Customer Rating:      Summary: red dog Comment: I love MMW, and with a good guitarist that obviously "gets" them, it not only makes great jazz, but fantastic jamming music. Then again, I am a big fan.
Customer Rating:      Summary: Dropping acid with Grandpa Comment: I don't really understand MMW's fascination with Scofield. I'm guessing that it has to be their roots of influence in traditional jazz. I wish that they could have chosen Grant Green, but the results would've probably been the same honestly. A trio is something special I think, a heart, lung, and brains, go. Add some other organ to that and I think/feel that you waste something, sort of wait around. That's it, the spontaneity is lessened. Not gone, but definitely slowed down some.
I unfortunately need to take back everything that I have just said upon hearing "Julia". That is beautiful.
I love these guys, and always will, so I guess that if they want to play quartet from time to time, I'll just buy it.
But, I'd rather the Trio.
Customer Rating:      Summary: Combination Team Effort Comment: This is funkdafied music. Being a big jazz fan I took a chance and this album had me occupied for awhile where nothing could distract me. It is just plain interesting and unique. Favorite tracks include: Track 1 (what a bluesy feel), Track 3 and Track 5 (builds nicely). Recommend for anyone into the late Miles Davis stuff or just wanting to explore some new beats.
Customer Rating:      Summary: Good with potential evident Comment: This is a good and solid effort and will be money well spent but a bit restrained in performance and that is disppointing as I've seen Scofield live several times in Montreux (a spectacular show with Lovano in the Stravinsky with Bireli Lagrene following, and then in the early 90s with Pat Metheny "See Your House..." music where he let loose) and also have seen on separate occasion MMW in Montreux where they really did let loose and the results were spectaularly entertaing, though MMW with Scofield were to play Montreux this summer (2007) and must have been the realization of the material and music on the record, and the place to be.............

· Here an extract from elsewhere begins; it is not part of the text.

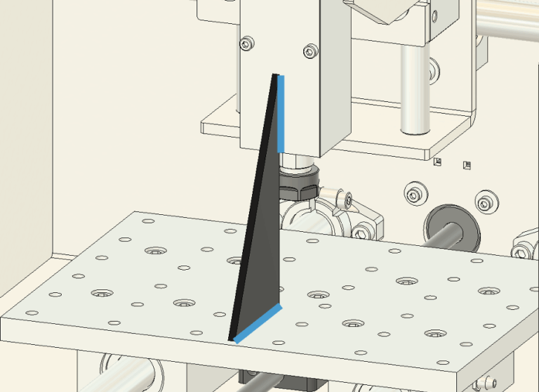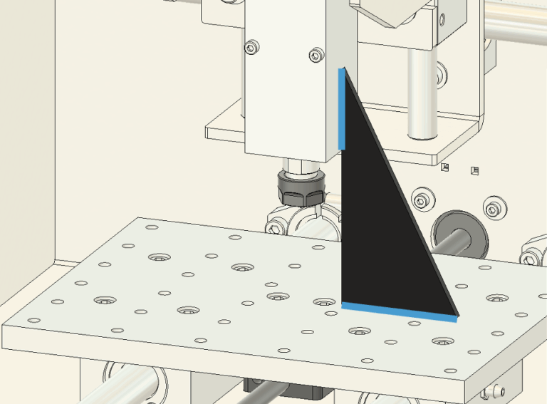 1. 垂直の確認 図10のように、スピンドルと加工テーブルの間に三角定規を当てて、両者が垂直になっているかを確認します。 説明書で青い辺で示されている接触面に注目してください。この青い辺の部分に隙間ができて三角定規がぴったりと密着しない場合、垂直が出ていない証拠です。

Customer Rating:      Summary: Out Louder Comment: Like a poisoned drug addict possessed by the devil, Out Louder commands your attention right from the first track's ultra-funky intro drum groove. The first collaboration from the quintet since guitarist John Scofield's 1998 guitar-funk release A Go Go, this album throws away the conventional jazz/funk conceptions to create a sonic landscape unlike anything most of us have ever heard before. Never before has the term "fusion jazz" been so appropriately used to describe the intense mixture of genres and sounds found on this record. Like a musical blender stuck on purée, we move from the hypnagogic acid trip of "Telegraph" through the Addams-family-plays-Latin-jazz feel of "Tequila and Chocolate" to the pure soulful sweetness of "Julia" and the (funkier and sexier) Mr. Bungle-esque stream of consciousness jam "Down the Tube." The tracks on this album are absolutely mind-blowing in terms of pure improvisatory virtuosity and creative vision; Scofield's guitar work is nothing short of inspiring as he weaves through the funky, controlled chaotic background laid down by Medeski, Martin, and Wood. Spellbinding, though definitely not for everyone.